Burgess' first television appearances were on the Australian Dancing with the Stars and So You Think You Can Dance in Belgium and the Netherlands. She joined the cast of season 13 of Dancing with the Stars as a troupe member. While on the troupe, she also assisted So You Think You Can Dance choreographer Jason Gilkison on both the Australian and American versions of the show.  She remained on the troupe until the end of season 15. For season 16, Burgess was bumped to regular pro and was partnered with Andy Dick. She returned as a professional for season 17, this time partnered with retired NFL star Keyshawn Johnson. They were the first couple eliminated. For season 18, she was paired with Olympic ice dancer Charlie White. They were eliminated during week 9 (the semi-finals) and ended in 5th place despite raves from the judges and high scores throughout the season. Sharna was then confirmed for season 19 on 27 August. For season 19, she paired with talk-show host Tavis Smiley. They were eliminated on week 2, finishing in 12th place.

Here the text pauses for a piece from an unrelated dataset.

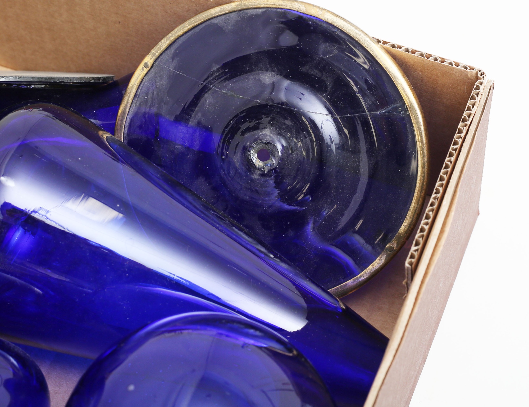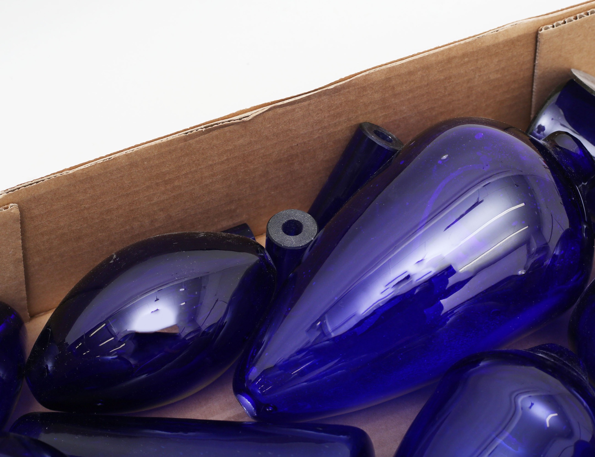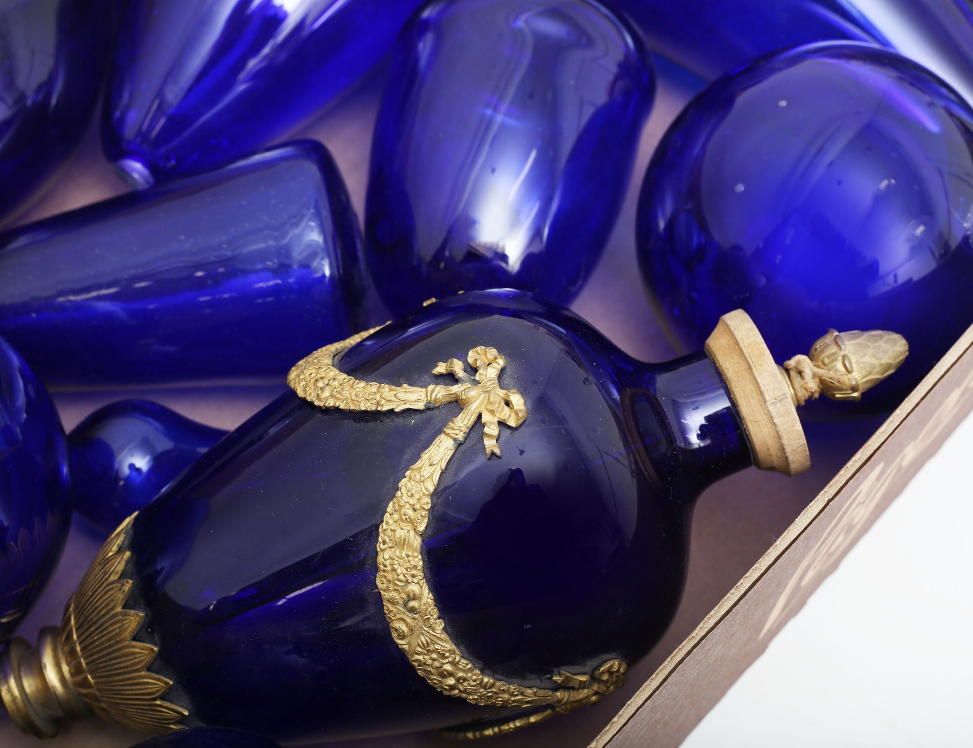 blått glas i for av urnor, klot, skivor,en urna med mässingsdekor, proveniens: Neumans Antikhandel Stockholm

For season 20, Burgess was paired with combat veteran and motivational speaker, Noah Galloway. The pair made it to the finals and finished in third place. For season 21, she was paired with Backstreet Boys singer Nick Carter. The couple made it to the finals and ended in second place behind winners Bindi Irwin, and her partner Derek Hough. For season 22, she was paired with NFL player Antonio Brown. The couple made it to the semi-finals but were eliminated and finished in 4th place. For season 23, Burgess was partnered with race car driver James Hinchcliffe. Due to a knee injury from the previous week's dress rehearsal, Burgess had to sit out during week 8-9. Jenna Johnson substituted for her as Hinchcliffe's partner. The couple made it to the finals, and finished in 2nd place behind winners Laurie Hernandez and her partner Valentin Chmerkovskiy.

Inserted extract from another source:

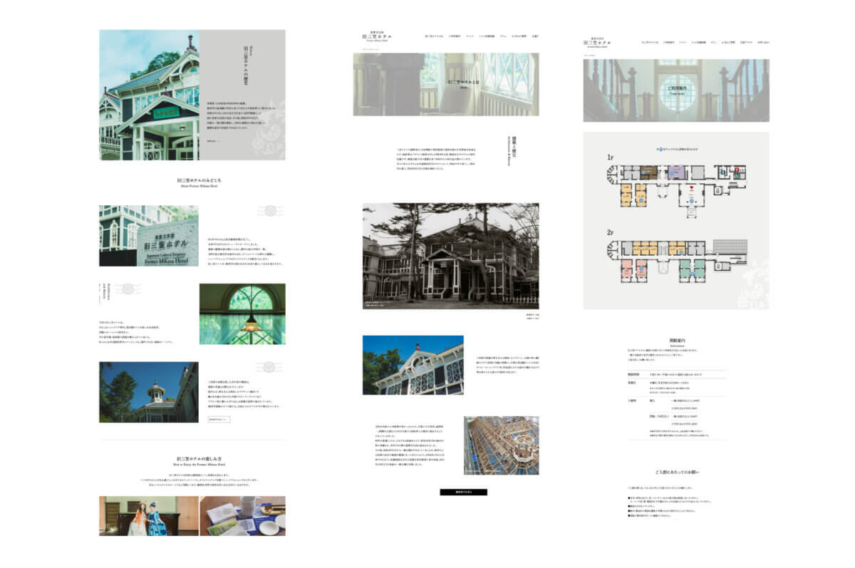 ウェブサイト制作の基本要件としては、クラシカルなデザインであること、WEBアクセシビリティについてはJIS規格に基づいたチェックを行うことが求められました。そのため配色、文字のサイズ、ボタンの操作性など注意深く配慮してデザインを進めました。読み物コンテンツとしては、「旧三笠ホテルについて」のストーリーページを作成。歴史的写真や保存修理工事の様子など、軽井沢町に協力していただきながら丁寧に作り込みました。

For season 24, Burgess was partnered with professional bull rider Bonner Bolton. The couple were eliminated on week 8, and finished in fifth place. Burgess returned for season 25 and was paired with former NBA player, Derek Fisher. The couple were eliminated on week 4, and finished in eleventh place. For season 26, she was paired with NFL player Josh Norman. The pair made it to the finals, finishing in second place overall. For season 27, she was partnered with radio personality Bobby Bones. Despite low scores from the judges, they were consistently saved by the viewers' votes and won the competition. On 2 February 2019, it was announced that Burgess was joining the Australian version of the reality dancing competition series as its sole female judge. Burgess did not appear on season 28 of the American version. She returned the following year for season 29 of the American version and was partnered with actor Jesse Metcalfe. The couple was eliminated in the fifth week of competition and finished in 12th place.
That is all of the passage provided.